▶ [DATA SUPPLIED]:
»»

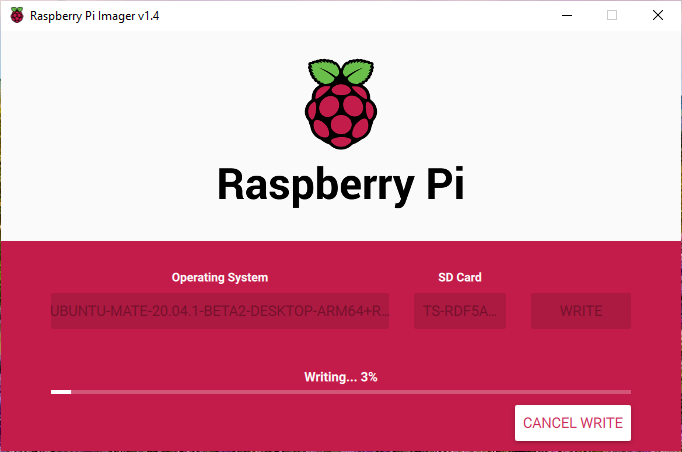Raspberry Pi Imager should start flashing the Ubuntu MATE 20.04.1 Raspberry Pi image on the microSD card. It may take a while to complete.
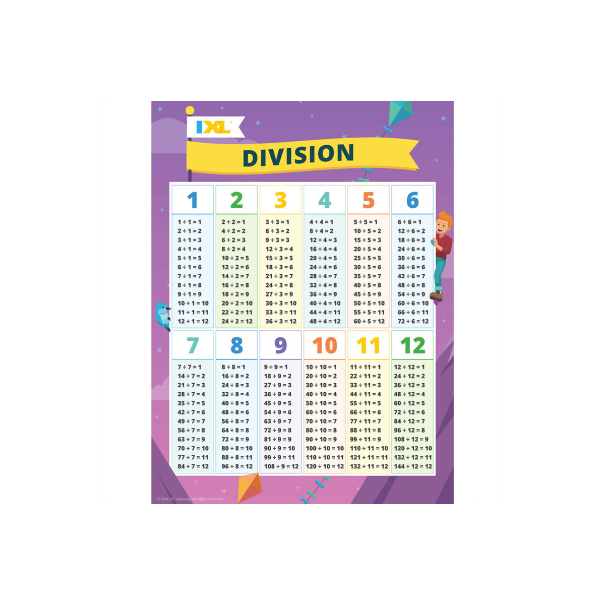 The IXL Division Poster features essential division facts for numbers 1-12. Perfect for displaying at home or in the classroom, this eye-catching poster reinforces division facts to help students build confidence and speed while practicing math.
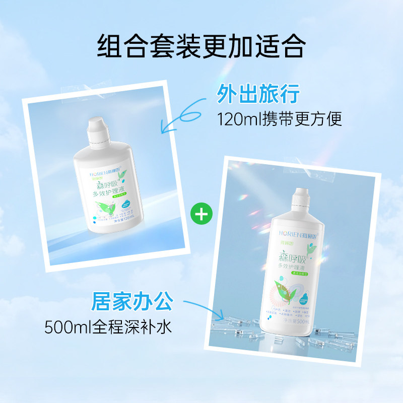 海俪恩护理液森呼吸500*2+120ml美瞳近视隐形眼镜药水大小瓶官网
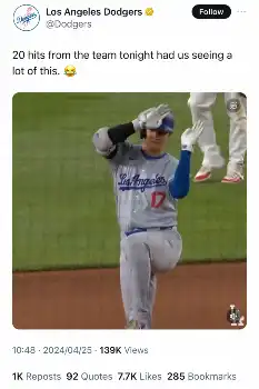 ドジャースが24日(日本時間25日)、自身の公式Xを更新した。大谷翔平投手(29)の試合中のパフォーマンス動画を公開し、ファンから反響を呼んでいる。
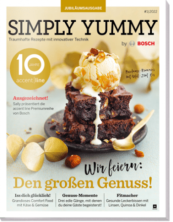 Kochen, genießen und mit der Familie und Freunden an einem Tisch kleine und große Momente erleben. Mit den Hausgeräten von Bosch eröffnen sich dir grandiose Genusswelten und ganz neue Möglichkeiten. Lade dir hier die exklusive Simply Yummy Jubiläumsausgabe kostenlos herunter, in der wir 10 Jahre accent line mit dir feiern möchten. Entdecke neue Lieblingsrezepte, die leicht, abwechslungsreich und einfach gekocht sind. Probiere zart schmelzende Naschereien, mit denen du glänzen kannst und garantiert begeisterst. Verwandele deine Küche mit unserem Feinschmecker-Menü in ein Sternerestaurant. Dabei unterstützen dich die Bosch Hausgeräte – du wirst staunen, wie leicht dir damit alles gelingt. Freu dich auf tolle Inspirationen. Wir wünschen dir viel Spaß beim Entdecken, Kochen und Genießen!
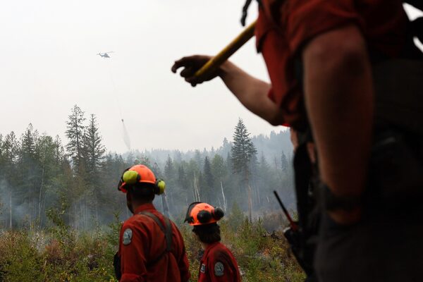 Firefighters with the British Columbia Wildfire Service Titan unit crew watch as a helicopter drops water on the southeastern flank of the Bush Creek wildfire in Turtle Valley after it destroyed homes and other structures in multiple communities in the North Shuswap region of B.C. on Aug. 23, 2023.JESSE WINTER/Reuters
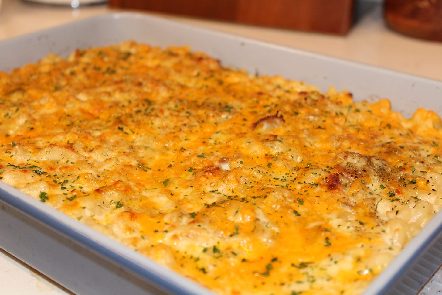 Transfer to a 13x9” (33x23cm) baking dish. Top with Death seasoning, remaining ¼ cup (28g) cheddar, and ¼ cup (28g) cheddar-gruyere. Cover with foil and bake for 15 minutes.
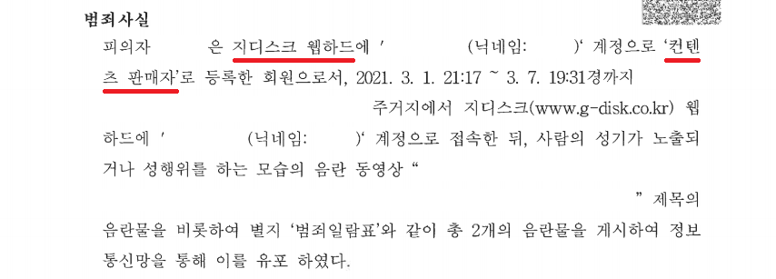 A씨는 '지드스크' 웹하드에서 '컨텐츠 판매자'로 활동하며 2021. 3. 1.부터 2021. 3. 7.까지 총 2회에 걸쳐 음란물을 게시하여 유포하였습니다.
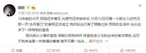 胡歌在微博中写道:“都说十二年是一个轮回,今年是“古月哥欠”的本命年,也是我浴火重生的第十年,此时此刻 除了要表达我对你们的感谢,我更想在这里和你们展望一下属于我们的未来。”
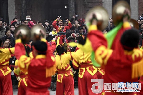 1月1日,在臺(tái)兒莊古城復(fù)興廣場(chǎng),民間藝人在表演威風(fēng)鑼鼓。(記者 郭緒雷 攝)
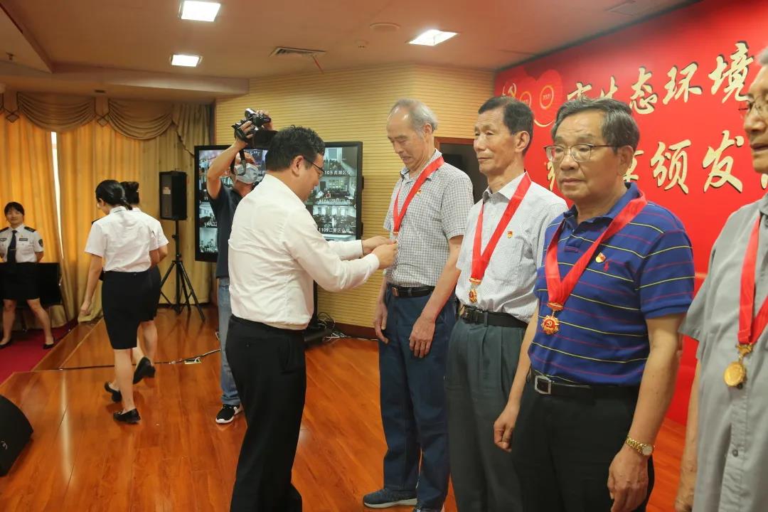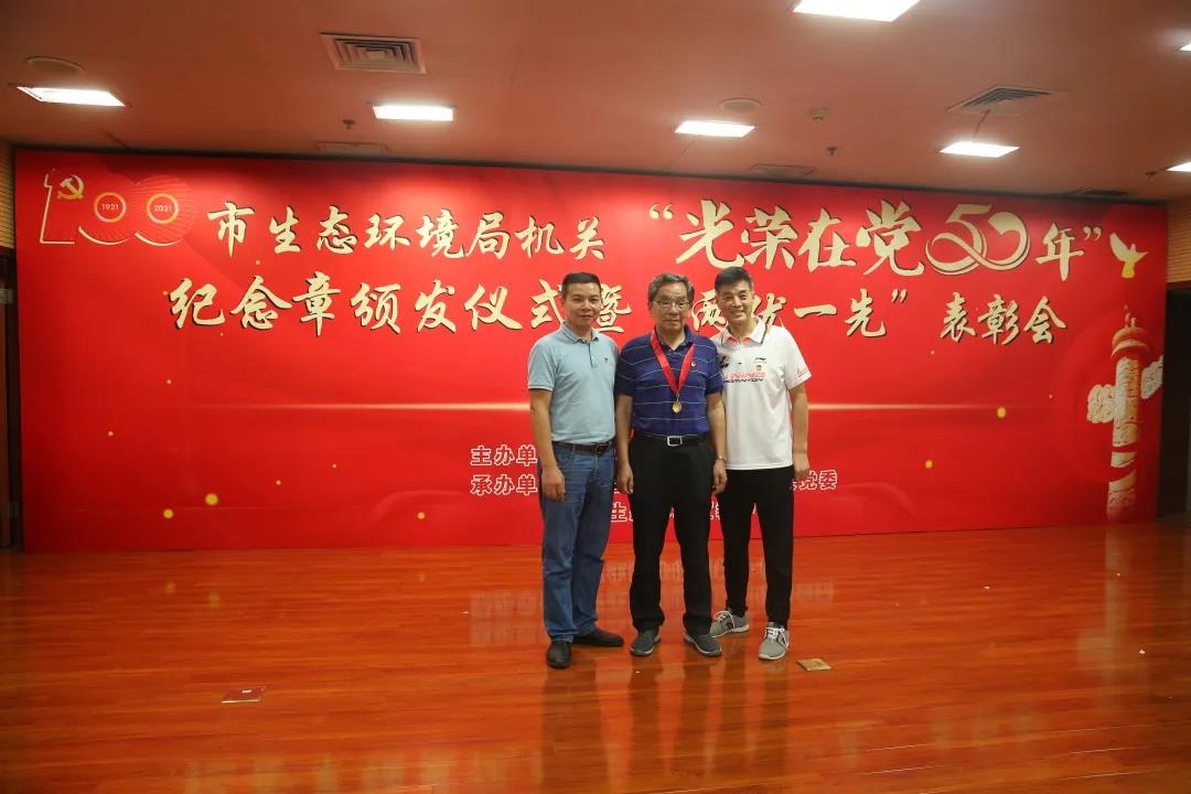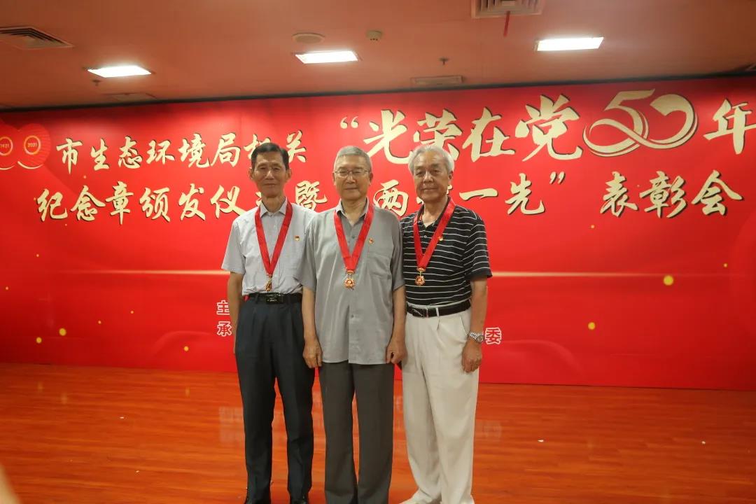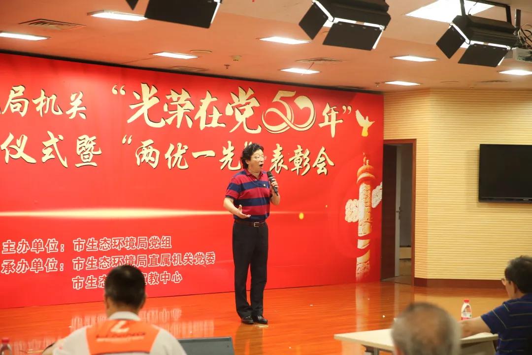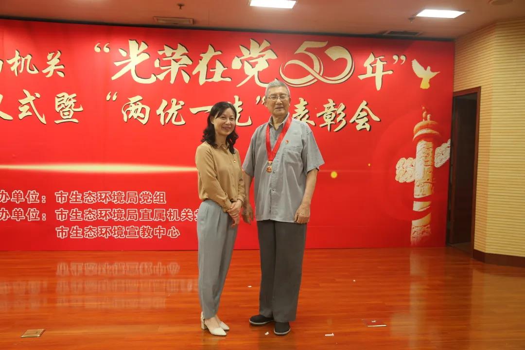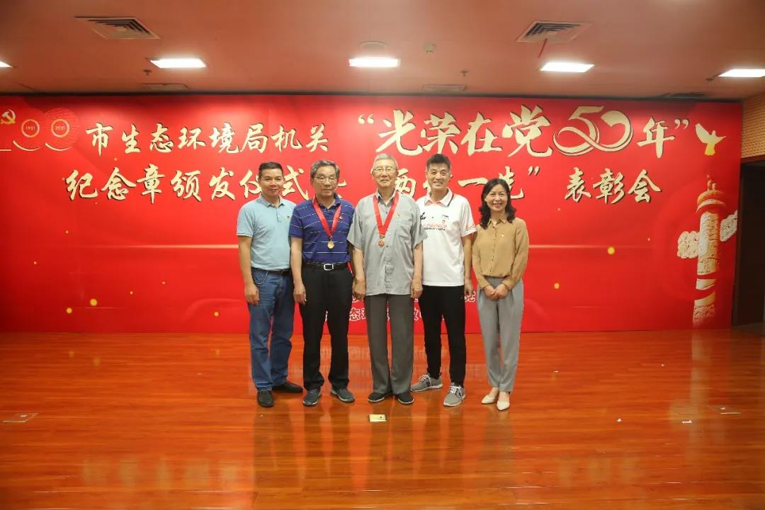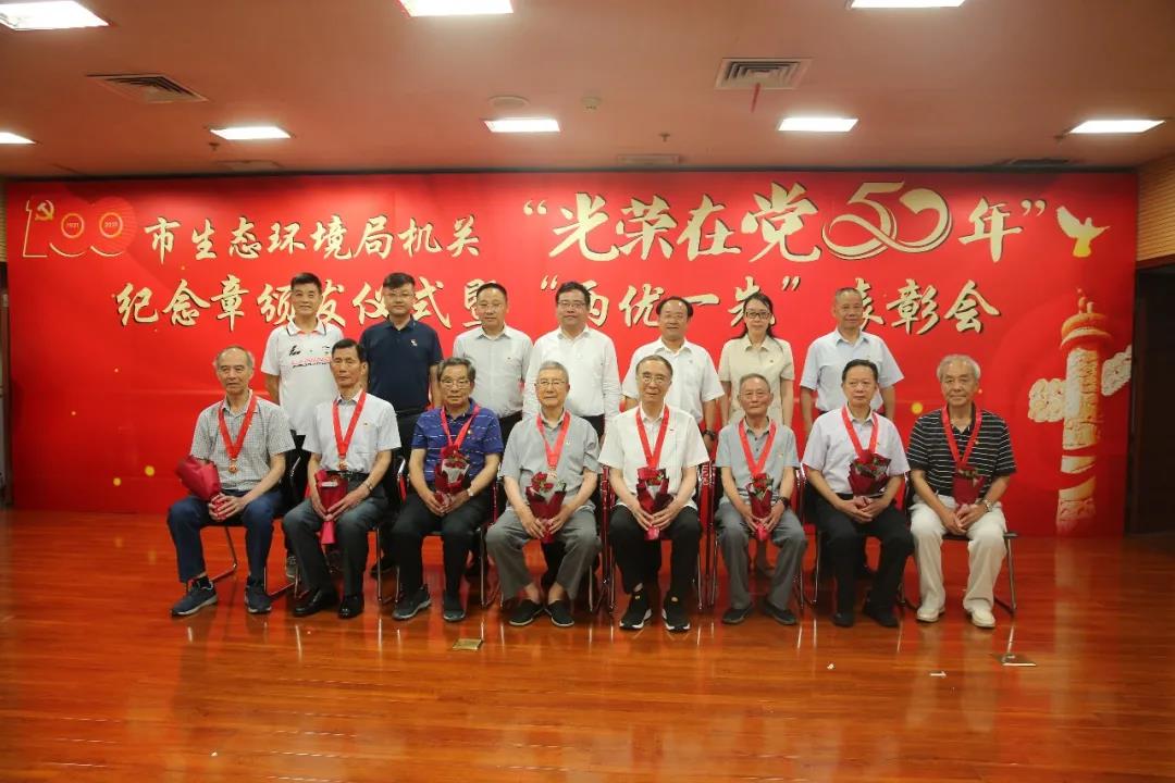 局机关“光荣在党50年”纪念章获得者代表才大永同志、张培增同志、王家源同志、吴兴国同志、何昇明同志、刘远光同志、唐绍华同志、廖长明同志接受这份光荣而崇高的敬意。市生态环境局党组书记、局长阎忠宁为他们颁发“光荣在党50年”纪念章。
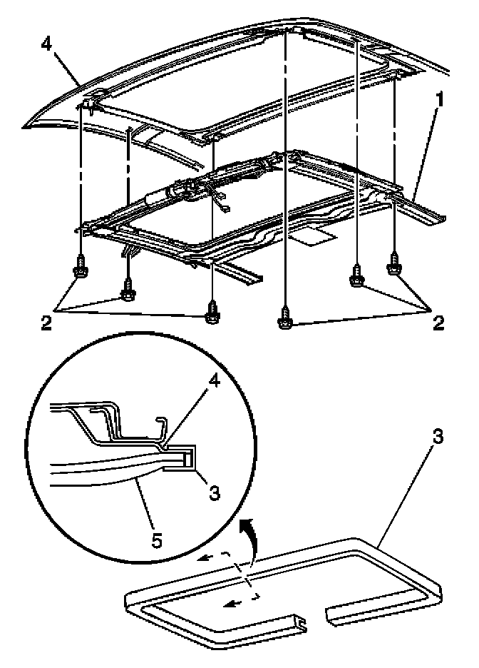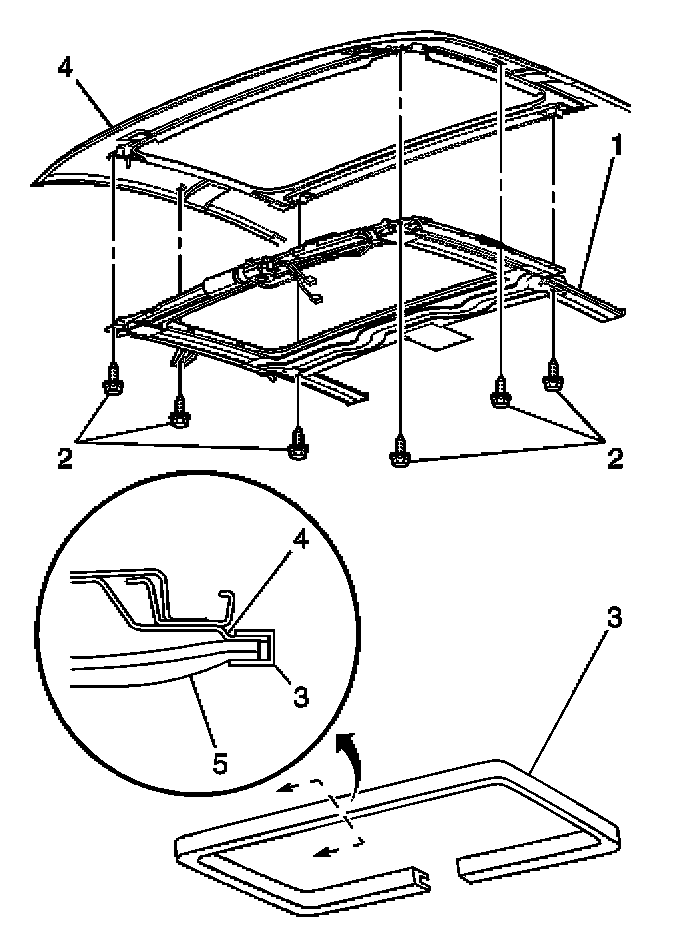 5. With an assistant, remove the sunroof module assembly (1), by pulling the module downward at the rear mounting points to disengage the white locating pins.
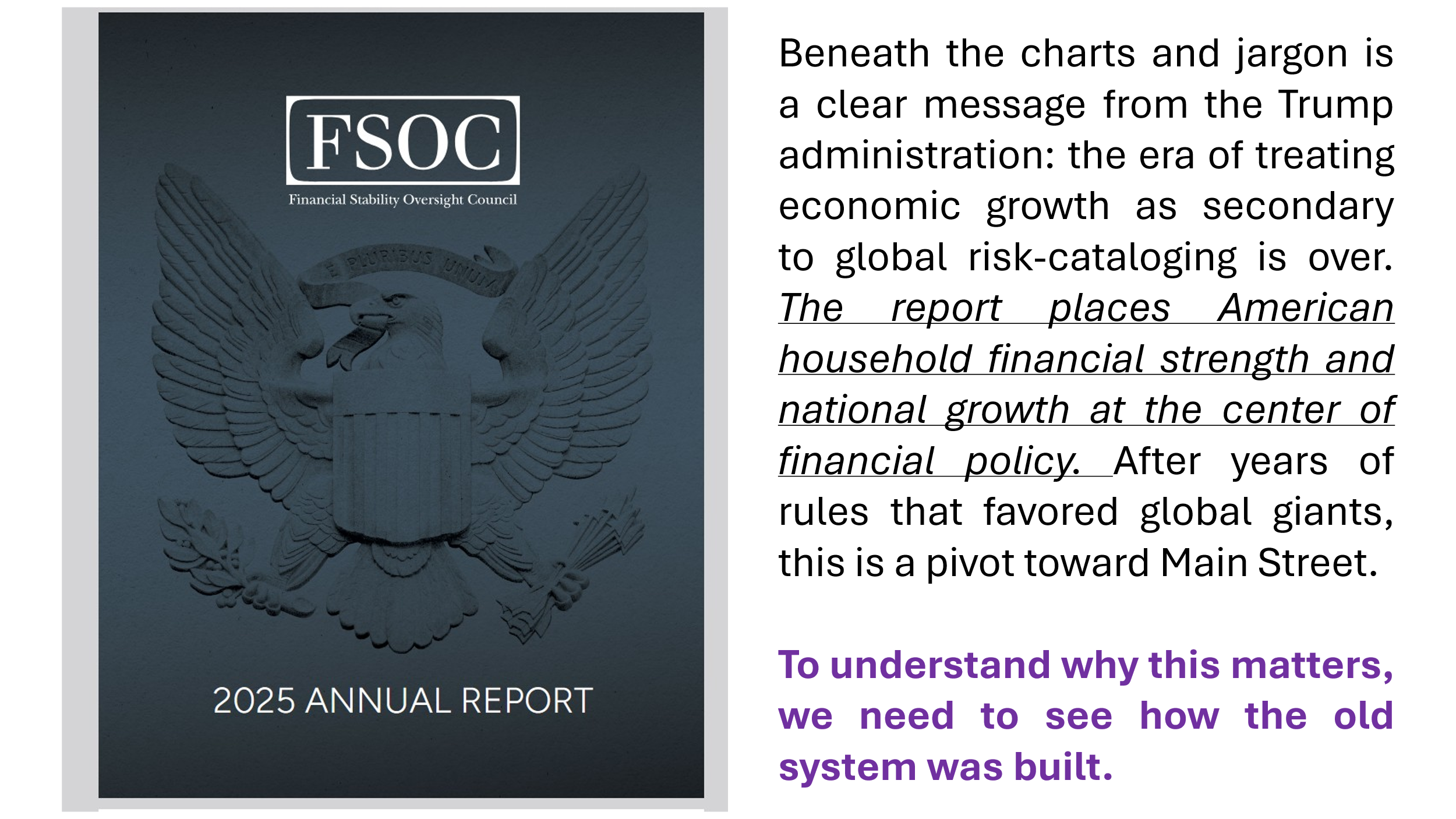 In December 2025, something shifted. The Financial Stability Oversight Council (FSOC), created after the 2008 crash, released a report that looks dry on the surface but signals a break from the old order.

««

▶ [YOUR OBJECTIVE]: Include the first line of the records, the line containing "ドジャースが24日(日本時間", and every line between them, repeated exactly. Skip the pictures.

▶ [YOUR RESPONSE]:
Raspberry Pi Imager should start flashing the Ubuntu MATE 20.04.1 Raspberry Pi image on the microSD card. It may take a while to complete.
 The IXL Division Poster features essential division facts for numbers 1-12. Perfect for displaying at home or in the classroom, this eye-catching poster reinforces division facts to help students build confidence and speed while practicing math.
 海俪恩护理液森呼吸500*2+120ml美瞳近视隐形眼镜药水大小瓶官网
 ドジャースが24日(日本時間25日)、自身の公式Xを更新した。大谷翔平投手(29)の試合中のパフォーマンス動画を公開し、ファンから反響を呼んでいる。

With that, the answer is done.